**Problem:**
Return the lines of the listing below exactly as they appear, beginning at the one with "Detector inductivo, Carcasa" and stopping after the one with "shì shèn lóu |"; do not include pictures.

**Exercise materials:**

━━━━

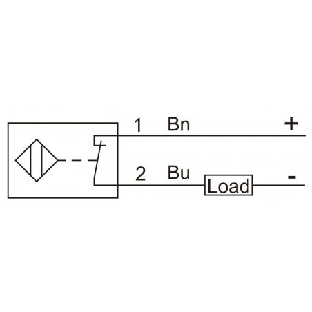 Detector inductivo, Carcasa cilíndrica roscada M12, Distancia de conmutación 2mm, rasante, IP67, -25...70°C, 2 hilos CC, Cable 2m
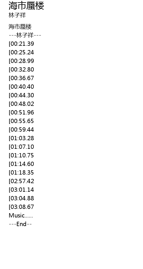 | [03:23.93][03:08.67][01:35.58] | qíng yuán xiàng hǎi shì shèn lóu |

━━━━

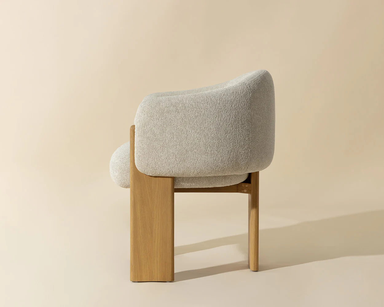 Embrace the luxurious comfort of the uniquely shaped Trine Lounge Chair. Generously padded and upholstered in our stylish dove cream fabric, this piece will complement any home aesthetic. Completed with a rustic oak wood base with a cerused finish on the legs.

━━━━

**Output:**
 Detector inductivo, Carcasa cilíndrica roscada M12, Distancia de conmutación 2mm, rasante, IP67, -25...70°C, 2 hilos CC, Cable 2m
 | [03:23.93][03:08.67][01:35.58] | qíng yuán xiàng hǎi shì shèn lóu |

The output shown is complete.